Goldman Sachs has downgraded its rating on Indian equities from 'overweight' to 'neutral'. Analysts warn that the Indian stock market will experience volatility in the short term due to weak corporate earnings prospects, high market valuations, and weaker external support, advising investors to shift their focus to high-quality companies with high earnings visibility.

In a research report released on October 22, Goldman Sachs analyst Sunil Koul stated that the overall valuation of the Indian stock market has reached 24 times forward earnings (24x Fwd earnings), a historical peak level. High-frequency indicators show that India's economic growth is experiencing a cyclical slowdown, which will drag down corporate earnings performance. Historical experience suggests that when company valuations are high and earnings are downgraded, the market may experience volatility in the next 3-6 months.

Based on this, Goldman Sachs downgraded the Indian stock market from overweight to neutral, with a 12-month target for the NIFTY index of 27,000 points, implying a 9% upside. The short-term targets are 24,500 points (-1%) and 25,500 points (+3%).

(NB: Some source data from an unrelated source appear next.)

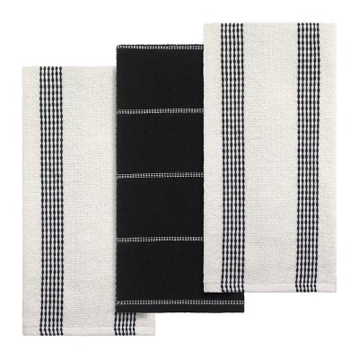 The Izod Essex Black 3-Piece Kitchen Towel Set features 2 designs-an ivory checkerboard design with irregular black stripes and a solid black waffle weave. Made of super soft and absorbent recycled 100% cotton. Towels measure 18" x 28". Set includes 3 towels-2 stripes and 1 waffle weave. Izod delivers the perfect combination of fashion and function for your kitchen.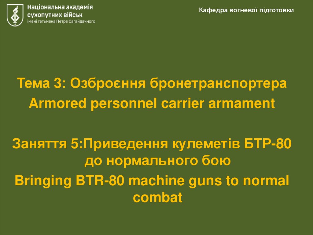 Кафедра вогневої підготовкиТема 3: Озброєння бронетранспортера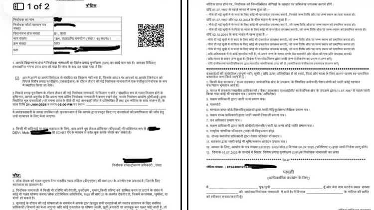 ड्राफ़्ट मतदाता सूची में शामिल ऐसे वोटर, जिनकी मैपिंग पिछली एसआईआर की वोटर लिस्ट से सही ढंग से नहीं हुई है, उनको नोटिस भेजा जा रहा है। ऐसे मतदाताओं को नोटिस प्राप्त होने शुरू हो गए हैं। चुनाव आयोग ने एक्स पर पोस्ट करते हुए नोटिस का सैंपल दिखाया है।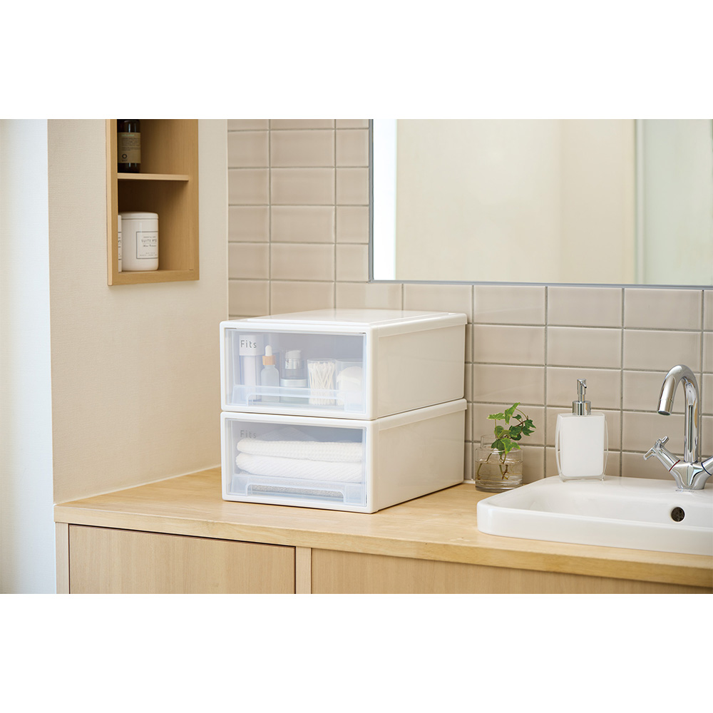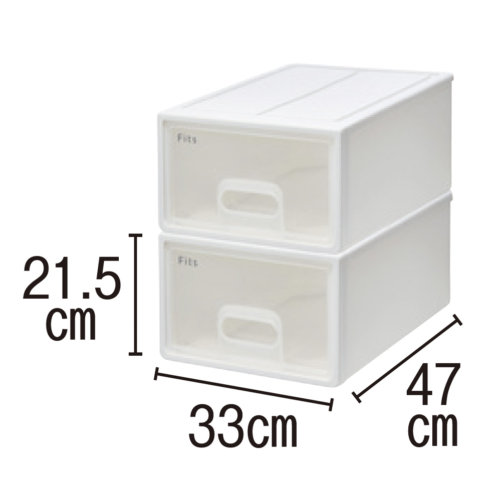 シリーズ累計販売数1億個を突破!フィッツケースには、選びたくなる、リピート買いしたくなる理由があります。豊富なサイズ展開と自在な組み合わせ方で、家中の空間にすっきりとフィット。手こずっていた収納も、フィッツケースがあれば楽しみに変わります。さまざまな空間にフィットする収納の定番衣装ケースの代名詞として長年愛される収納の定番「フィッツ」。dinosなら店頭から持ち帰る大変な手間は不要!欲しいサイズがすぐに見つかり、2個組で家まで届きます。引っ越しや模様替えの際に、1人でも手軽に組み直しできるフレキシビリティも魅力。ラクして便利な収納体験、フィッツケースで始めませんか。スペースと収納したいものに合わせて組み合わせできますクローゼットタイプ(奥行53cm)は9サイズ、押し入れタイプ(奥行74cm)は7サイズ、奥行47cmと45cmも各1サイズあり、多様なシーンに対応します。お好みのサイズをお選びください。【クローゼットタイプ】奥行53cmで、クローゼットにぴったり。ハンガー下の空きスペースを、たたんだ衣類の収納に有効活用できます。深すぎず、出し入れしやすい奥行で衣類や小物をスッキリ整理。【押し入れタイプ】奥行74cmで、押し入れの深さを活かせる大容量。奥行たっぷりだからかさばる厚手の服や、シーツや寝具カバーなどの収納にも大活躍。押し入れにそのまましまうと行方不明になりがちな小物類も、まとめて収納できて便利です。家の中のあらゆる場所で、さまざまなモノの収納に!●押し入れ・クローゼット・寝室などで:衣類収納に●キッチンで:キッチンツールや食品のストックにも●リビングで:さまざまな生活用品や防災用品などの収納に●ランドリーで:ハンガーなどの洗濯用品やタオルの収納に●玄関で:キャンプ用品、子どものスポーツ用品、シューズケアグッズに●子ども部屋で:衣類やおもちゃなど、おかたづけ習慣のファーストステップにも洗練された収納空間でお部屋をイメージアップ機能的にすぐれた収納ツールでありながら、インテリア性にも秀でたところが魅力。凹凸の少ないシンプルデザインに、前面は高級感のある半透明のすりガラス調を採用しました。うっすら透けて見えるため、収納物も一目瞭然です。さりげなくロゴ入り前枠上部に「Fits」のロゴを印字。買い足しをする際、どんな収納ケースを購入したか把握できます。使いやすさと強さのための安心構造●スタッキングOKレールと溝がしっかりかみ合う構造により、重ねたときのぐらつきや滑りがありません。●丈夫な前枠付きたくさん収納してもたわみにくく、ケースを積み重ねたときに上段の重みで下段が引き出せないストレスも解消されます。●引き出しの飛び出しを防止クローゼットタイプ幅44cmは引き出しの飛び出しを防ぐ「引き出しロック機能」付きです。●キャスター対応掃除や模様替えの際の移動に便利なネジ式キャスター(幅39cm奥行74cmタイプ以外の押し入れタイプに対応)と差込式キャスター(クローゼットタイプとフィッツケースマルチに対応)も別売りでご用意。キャスター使用時は高さが約5cmアップします。サステナビリティへの取り組み本体素材のポロプロピレンには再生材を10%以上使用しています。シリーズ商品のご案内フィッツケースは以下のシリーズ商品がございます。※このページはサイズいろいろ奥行47cmの販売ページです。・クローゼットタイプ奥行53cm・押し入れタイプ奥行74cm・サイズいろいろ奥行47cm・45cm・フィッツケースマルチ奥行40cm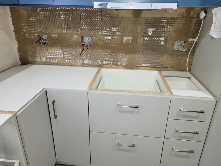 The two-tone cabinetry in soft grey and deep blue adds modern character, making the kitchen feel larger, lighter, and more practical — proof that thoughtful design and precision workmanship can deliver remarkable results, even in smaller renovations.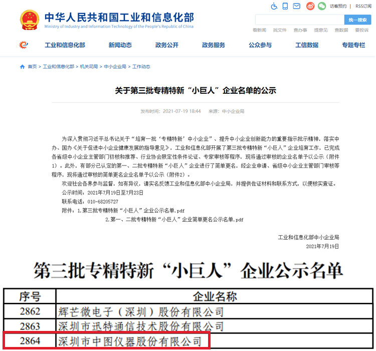 近日,国家工业和信息化部公示了第三批专精特新“小巨人”企业名单,蓝颜gtv 有限公司榜上有名!

Public information shows that Goldman Sachs upgraded its rating on Indian equities to overweight at the end of last year, after which the MSCI India index rose by more than 35%. However, recent signs of weakness have emerged in the Indian stock market's upward momentum, with the benchmark index NSE Nifty 50 index falling by more than 5% in October, on track for its worst single-month performance in four years.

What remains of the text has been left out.